27 November.
Aku terkesiap ketika guntur itu hampir memecahkan gendang
telingaku, belum sempat aku menghardik, dia telah mengulang sekali lagi, dan
akupun takluk. Seketika itu juga, berderailah rintik kecil di langit
sebagaimana di awal bulan November ini. Segalanya berwarna abu-abu, seakan
benar benar mengerti kondisi jiwaku.
Aku baru saja hendak membenarkan letak diktat kuliah yang
bertumpuk, ketika kalender usang itu seakan-akan memanggilku. Ah ya, aku sudah
lama belum mencabik kertas kalender bulan September ini karena aku sangat betah
berlama-lama melihat gambarnya, yaitu Zinedine Zidane idolaku. Tapi itu bisa
saja tidak, Andaikan saja Nabi Muhammad SAW, lelaki terhebat sepanjang zaman itu bisa dilukis, tentu sudah
aku pasangkan gambarnya di langit-langit kamarku yang paling tinggi sebagai
idola terhebat.
Tapi, tunggu dulu. Apa maksud lingkaran merah ini. Tanggal 27
November. Aku sedikit berputar-putar menggali kembali
memoriku, apa maksud dari lingkaran merah ini. Seketika itu, bersamaan dengan
datangnya guntur, hatikupun terkejut. Aku merasa sedikit abnormal kala potongan
memoar lama itu kembali mendesau-desau dalam kepalaku.

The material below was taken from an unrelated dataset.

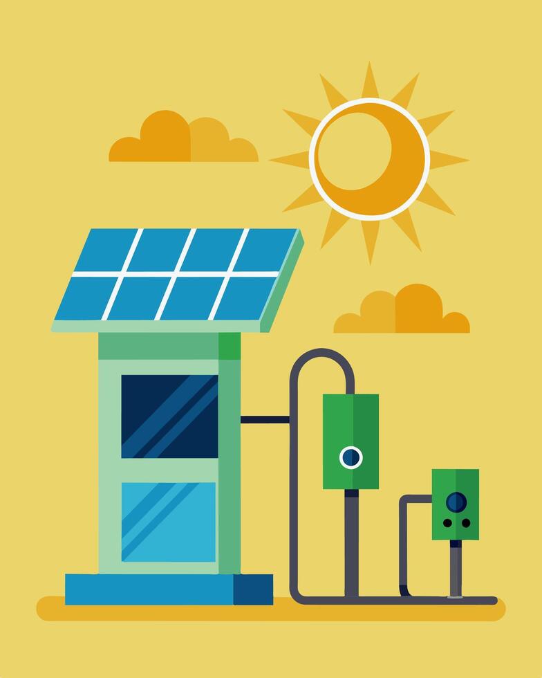 The solar panels on the charging station tilt towards the sun soaking up its rays and converting them into power for the many vehicles that will stop by throughout the day.. Pro Vector
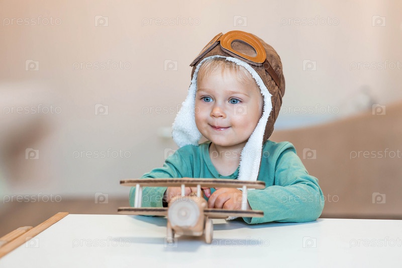 Симпатичный мальчик 2 лет в пилотской шапке играет с деревянным самолетом и конструктором логистики. Детские деревянные игрушки для развития ребенка

Kala aku meninjau keluar, rinai hujan itu seakan memberikan
aura yang membuatku rindu. Gumpalan awan yang mematung pilu di ujung sana,
seakan benar-benar memberikan sebuah abstraksi, betapa hatiku rindu dengan
seseorang yang jauh sana. Kutunggu pula datangnya pelangi, sang adiwarna, agar
dapat pula menghibur hati yang gundah ini, namun telah lama, ia tak kunjung
datang.
Kutilik-tilik lagi tanggal berlingkar merah itu. Itulah hari
ulang tahun orang yang dulu pernah aku sayangi. Wahai, betapalah masygul hati
ini dibuatnya. Melayang layang anganku, mencoba membuka tabir masa lalu,
mengingat jejak-jejak yang dulu pernah kututup dan kukunci rapat-rapat, setelah
aku mulai benar-benar mengatakan bisa untuk mengatakan yang mana “ya” dan yang
mana “tidak”.
Entahlah aku pun tak sadar, tiba tiba waktu terus saja
berputar, aku seperti masuk pada lubang hitam yang memutar-mutar otakku sekaligus
mengubek-ubek perasaanku. Lagi-lagi, sesuatu yang bernama rindu telah
mulai melakukan agresinya pada hatiku yang sudah lama berdaulat penuh untuk
tidak merindukan seseorang, tepatnya wanita.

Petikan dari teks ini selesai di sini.